Finding what feels good is not the same with letting yourself do all the things you want to do. Eating and sleeping and watching tv/movies. Isn’t that perfect? But are those going to take you anywhere?
Like most of the girls I hated my belly rolls. When are they going to disappear? Stop eating fatty foods, start counting your calories, do exercise and control yourself. Easy for them to say. Like that’s gonna happen. But here comes summer with her eyebrows so high and making me feel like a pig. I don’t have anything against big girls. I love them all. I think they are beautiful. Some have even have curves! But who am I kidding?I remember standing in front of the mirror. I remember staring at my naked self and crying why my belly rolls are too big. I hated myself for not knowing how to control. I clinged to something that feels like a starting line not knowing that I could have start anytime.

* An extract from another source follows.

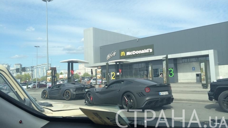 На прошедших выходных по Киеву разъезжали редкие и дорогостоящие автомобили. На проспекте Бажана, недалеко от М. "Осокорки", корреспондент "Страны" заметил Lamborghini, Ferrari, Mercedes-Benz и Range Rover общей стоимость 2,7 млн долларов. Все четыре машины приехали в спальный район, чтобы подкрепиться на McDrive.

I started going to the gym with some friends. It’s actually fun as long as you have buddies. Having people that shares the same thoughts indeed helps. Then one day, they stopped. They became busier. I didn’t like going on my own so I stopped too. I gained twice than I lost. I was frustrated again. I was crying again. I was hating myself again.
The struggle is real. No matter how I try to accept myself, I honestly can’t. Jealousy and insecurity ate me up. WHOLE. Body positivity is what I fakely practiced that time. I shouted how much I love my belly rolls and stretch marks and imperfections when I hate them to the core. People say things that doesn’t displease anyone. Social media can kill a person once it attacks so everybody tries to get out of it’s way.
I hated doing exercise. My feet hurts after running. I wanted to be that athletic active girl but I just can’t. I’m a lazy bum in reality. It was silly but I looked up some tips on google. How to lose wait without going to the gym? Home exercise was on top of the list but hohohoho here comes a yoga video.
Yoga was what I thought to be all sititng and meditating and even flying while closing your eyes and crossing your legs. Isn’t that kind of religious? I thought it’s a practice of being still. I never thought it was actually a journey.